As Washington prepares for the April 29 arrival of
China's heir apparent, Vice President Hu Jintao, the misinformation
that beclouds U.S.-China relations should encourage U.S.
policymakers to refresh their understandings of the principles that
guide U.S. policy toward Taiwan so that their statements will not
be taken out of context or assigned a broader meaning than
intended.
The
friction between Washington and Beijing over U.S. relations with
Taiwan has been widely discussed since mid-March after Beijing
cancelled some naval exchanges with the United States. By
mid-April, however, new U.S.-China military exchanges had started,
U.S. naval ship calls at Hong Kong had resumed, and concerns that
Beijing would cancel Vice President Hu's visit had dissipated.
China's denunciation of the Taiwan defense minister's attendance at
a recent business conference in Florida, where he conferred with
top U.S. officials, may reflect political imperatives in the run-up
to the Chinese Communist Party's Sixteenth Party Congress in six
months.
In
his diplomatic debut as a key player in Beijing-U.S. policy, Hu is
under pressure to keep U.S. relationship with Taiwan from getting
firmer. One of his talking points is said to be a demand that
Washington at a minimum not bring Taiwan into any security
alliance, and he hopes it is an issue on which Washington can
reassure him. But the success of his visit will be measured in
Beijing by reactions in the Western media. If Hu impresses American
audiences as an intelligent, articulate, forward-thinking leader,
his political stock will rise at home. If his trip founders on
controversy, especially over the Taiwan issue, some in Beijing will
argue to keep the putatively more experienced President Jiang Zemin
on the scene to handle foreign affairs.
To
prepare properly for Hu's visit, Administration and congressional
leaders must be fully cognizant of key elements of U.S. policy
toward China and Taiwan. Among the most important: the "one-China"
policy, which in fact does not recognize Beijing's claims to
Taiwan, and the "Three Communiqués," general statements of
U.S. positions that are bounded by the Taiwan Relations Act (TRA)
of 1979, which treats Taiwan as a "country" for the purposes of
domestic law.

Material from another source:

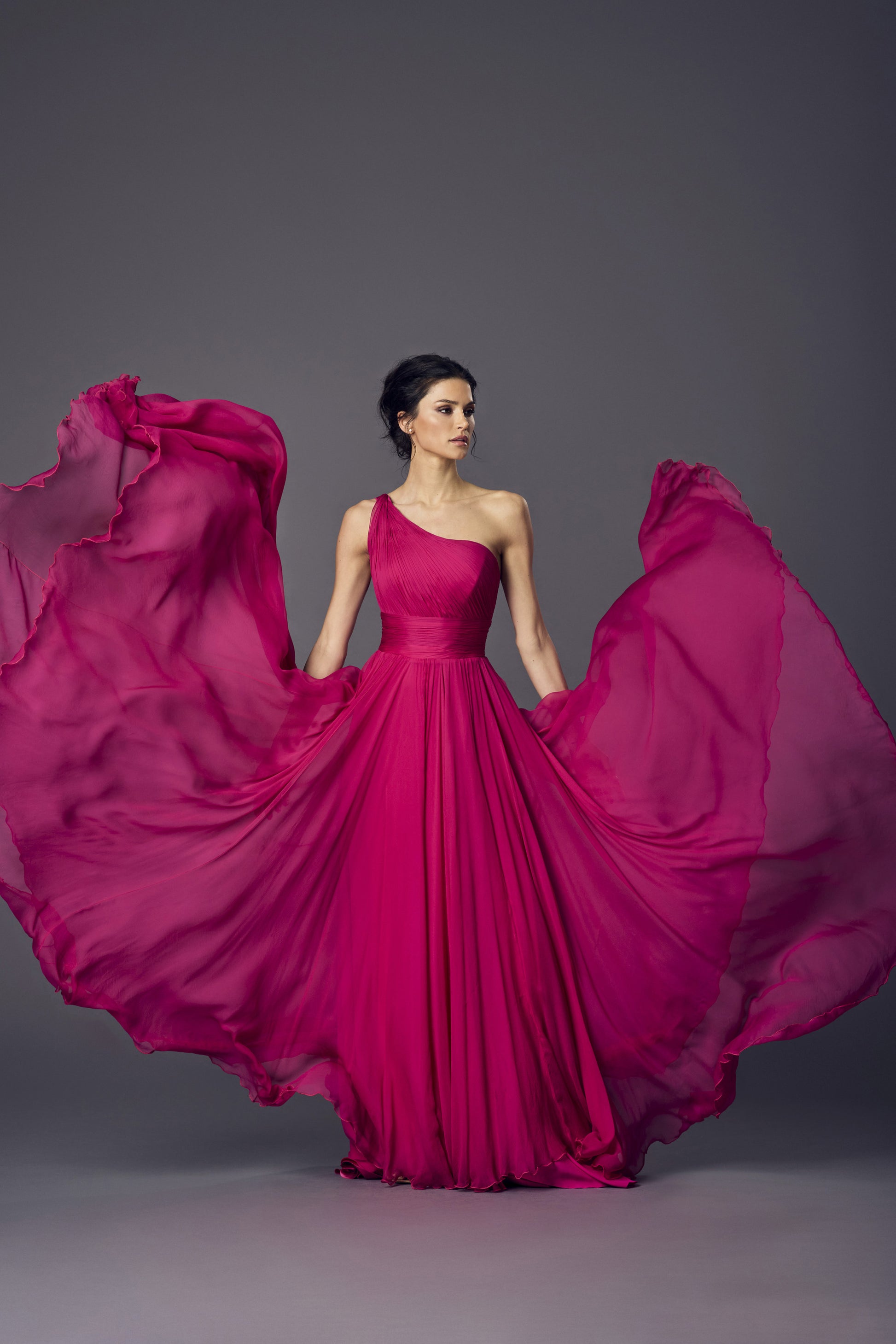 Detailing and Finish: As worn by Tess Daly herself! The soft silk chiffon fabric gives the dress a light and floaty feel, perfect for summer events. The dress includes intricate gathering details across the shoulder and bodice that draws the eye in. Although our sample is in a vibrant fuchsia colour, bespoke customisations are available!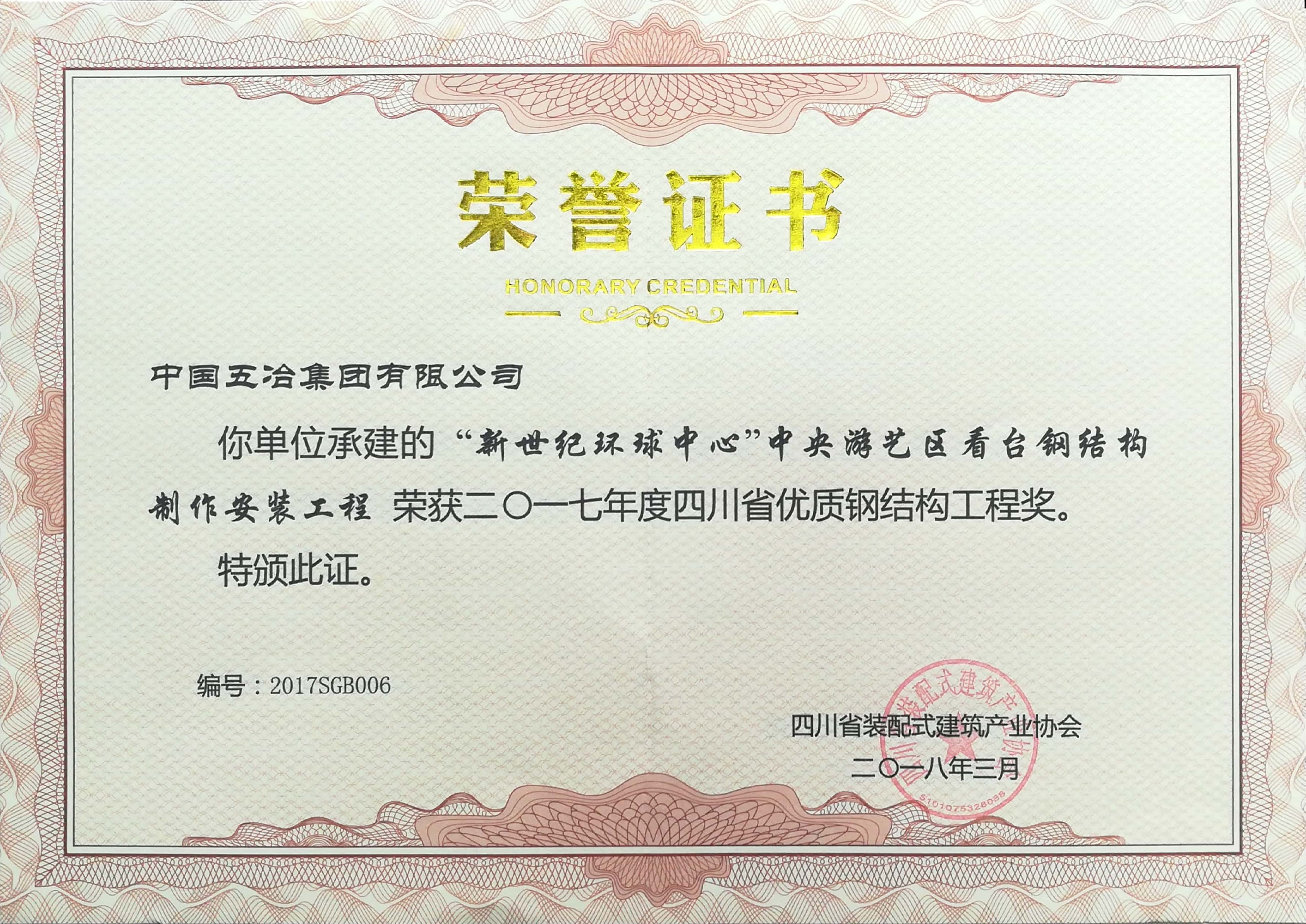 “新世紀(jì)環(huán)球中心”中央游藝區(qū)看臺(tái)鋼結(jié)構(gòu)制作安裝工程-2017年度四川省優(yōu)質(zhì)鋼結(jié)構(gòu)工程獎(jiǎng)

China's military buildup across the Strait has
obliged the Bush Administration to abandon a stance of "strategic
ambiguity" toward China and Taiwan and has underscored America's
determination to protect its important political and economic
interests in Taiwan.
During the visit, Washington should
encourage China to improve relations with Taiwan and secure
peaceful resolution of the sovereignty issue. Specifically,
Washington should:
- Stress that the
commitments in the U.S.-China communiqués are two-way
streets. U.S. reduction of arms sales to Taiwan has always
been conditioned on China's peaceful approach to Taiwan. China's
threat to the island, especially its missile and submarine
activities, has grown over the past decade, and America's response
thus far has been appropriate.
- Make clear that
defense sales to Taiwan are based on an accepted condition of
normalization in U.S.-China relations. Despite China's
differences with the United States on this matter, Deng Xiaoping
agreed to go forward with normalization because of China's
strategic interests vis-à-vis Vietnam and the former Soviet
Union. Both normalization and U.S. defense sales to Taiwan are
facts of life in the U.S.-China relationship.
- Stress that
increasing China's military threat to Taiwan will require the
United States to supply Taiwan with the most advanced defense
systems available. The TRA mandates that the United States
"make available to Taiwan such defense articles and defense
services in such quantity as may be necessary to enable Taiwan to
maintain a sufficient self-defense capability." These may include
systems interconnected with U.S. undersea and missile defense
networks, such as DDG-51 cruisers equipped with AEGIS combat
systems.
- Explain that the
U.S. understanding of the "one China" statement in the
communiqués is not the same as China's "one China"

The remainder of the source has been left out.